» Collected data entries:
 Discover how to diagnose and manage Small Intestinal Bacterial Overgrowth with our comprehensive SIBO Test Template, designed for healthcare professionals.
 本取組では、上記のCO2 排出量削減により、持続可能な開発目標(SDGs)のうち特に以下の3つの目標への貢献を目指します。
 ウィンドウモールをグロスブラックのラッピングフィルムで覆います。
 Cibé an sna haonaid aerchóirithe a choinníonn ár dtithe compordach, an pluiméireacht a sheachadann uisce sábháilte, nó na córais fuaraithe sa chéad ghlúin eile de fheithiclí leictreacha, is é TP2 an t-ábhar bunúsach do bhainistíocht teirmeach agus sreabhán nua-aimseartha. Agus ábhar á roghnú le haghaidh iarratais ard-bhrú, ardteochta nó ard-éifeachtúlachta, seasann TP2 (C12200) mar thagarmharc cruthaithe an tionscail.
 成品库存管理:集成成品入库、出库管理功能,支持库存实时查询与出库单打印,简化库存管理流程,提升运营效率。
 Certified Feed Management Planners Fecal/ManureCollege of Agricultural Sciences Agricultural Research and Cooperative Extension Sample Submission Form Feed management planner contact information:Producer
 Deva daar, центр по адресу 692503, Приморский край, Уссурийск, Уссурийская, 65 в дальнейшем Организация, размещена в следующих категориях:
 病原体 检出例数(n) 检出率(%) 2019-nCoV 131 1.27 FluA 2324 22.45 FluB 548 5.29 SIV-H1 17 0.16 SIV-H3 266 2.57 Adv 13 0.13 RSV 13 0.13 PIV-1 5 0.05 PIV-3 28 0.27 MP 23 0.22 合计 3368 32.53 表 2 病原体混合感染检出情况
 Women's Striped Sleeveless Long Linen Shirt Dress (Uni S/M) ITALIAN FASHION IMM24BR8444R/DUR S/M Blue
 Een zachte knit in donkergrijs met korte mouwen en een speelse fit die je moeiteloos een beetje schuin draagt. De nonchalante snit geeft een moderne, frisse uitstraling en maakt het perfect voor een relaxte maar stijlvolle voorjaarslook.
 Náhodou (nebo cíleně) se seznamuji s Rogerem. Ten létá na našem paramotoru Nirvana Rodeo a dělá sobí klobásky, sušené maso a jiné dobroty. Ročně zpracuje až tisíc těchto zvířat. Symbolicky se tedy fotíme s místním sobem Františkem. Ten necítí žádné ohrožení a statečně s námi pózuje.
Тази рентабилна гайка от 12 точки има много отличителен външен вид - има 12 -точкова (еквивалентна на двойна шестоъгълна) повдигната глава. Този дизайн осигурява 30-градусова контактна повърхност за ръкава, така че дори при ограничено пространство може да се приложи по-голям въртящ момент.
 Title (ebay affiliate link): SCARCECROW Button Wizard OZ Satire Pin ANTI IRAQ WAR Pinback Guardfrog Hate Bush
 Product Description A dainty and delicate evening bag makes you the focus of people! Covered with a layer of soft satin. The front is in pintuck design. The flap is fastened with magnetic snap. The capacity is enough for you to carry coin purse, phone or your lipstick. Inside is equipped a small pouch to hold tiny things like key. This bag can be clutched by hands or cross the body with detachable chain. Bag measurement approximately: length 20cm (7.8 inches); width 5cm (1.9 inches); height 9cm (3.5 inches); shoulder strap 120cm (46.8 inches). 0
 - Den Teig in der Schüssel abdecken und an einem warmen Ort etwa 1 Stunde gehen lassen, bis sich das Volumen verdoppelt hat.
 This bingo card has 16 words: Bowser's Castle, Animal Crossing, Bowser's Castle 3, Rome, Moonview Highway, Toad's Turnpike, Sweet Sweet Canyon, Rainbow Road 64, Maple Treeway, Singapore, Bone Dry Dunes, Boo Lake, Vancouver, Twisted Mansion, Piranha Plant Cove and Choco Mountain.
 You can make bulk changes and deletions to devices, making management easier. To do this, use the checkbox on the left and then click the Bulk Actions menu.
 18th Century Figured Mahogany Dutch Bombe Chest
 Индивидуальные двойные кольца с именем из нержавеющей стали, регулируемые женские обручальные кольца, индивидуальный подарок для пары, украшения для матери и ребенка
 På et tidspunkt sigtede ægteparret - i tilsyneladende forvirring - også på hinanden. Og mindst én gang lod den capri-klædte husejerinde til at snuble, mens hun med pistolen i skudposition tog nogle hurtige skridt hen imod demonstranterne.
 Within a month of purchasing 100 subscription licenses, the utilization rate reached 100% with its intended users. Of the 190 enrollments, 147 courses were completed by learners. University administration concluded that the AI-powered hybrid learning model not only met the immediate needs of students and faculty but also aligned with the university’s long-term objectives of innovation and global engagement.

» Your assignment: Up to and including the line with "成品库存管理:集成成品入库、", transcribe the entries above exactly, starting from their first line.

» Task answer:
 Discover how to diagnose and manage Small Intestinal Bacterial Overgrowth with our comprehensive SIBO Test Template, designed for healthcare professionals.
 本取組では、上記のCO2 排出量削減により、持続可能な開発目標(SDGs)のうち特に以下の3つの目標への貢献を目指します。
 ウィンドウモールをグロスブラックのラッピングフィルムで覆います。
 Cibé an sna haonaid aerchóirithe a choinníonn ár dtithe compordach, an pluiméireacht a sheachadann uisce sábháilte, nó na córais fuaraithe sa chéad ghlúin eile de fheithiclí leictreacha, is é TP2 an t-ábhar bunúsach do bhainistíocht teirmeach agus sreabhán nua-aimseartha. Agus ábhar á roghnú le haghaidh iarratais ard-bhrú, ardteochta nó ard-éifeachtúlachta, seasann TP2 (C12200) mar thagarmharc cruthaithe an tionscail.
 成品库存管理:集成成品入库、出库管理功能,支持库存实时查询与出库单打印,简化库存管理流程,提升运营效率。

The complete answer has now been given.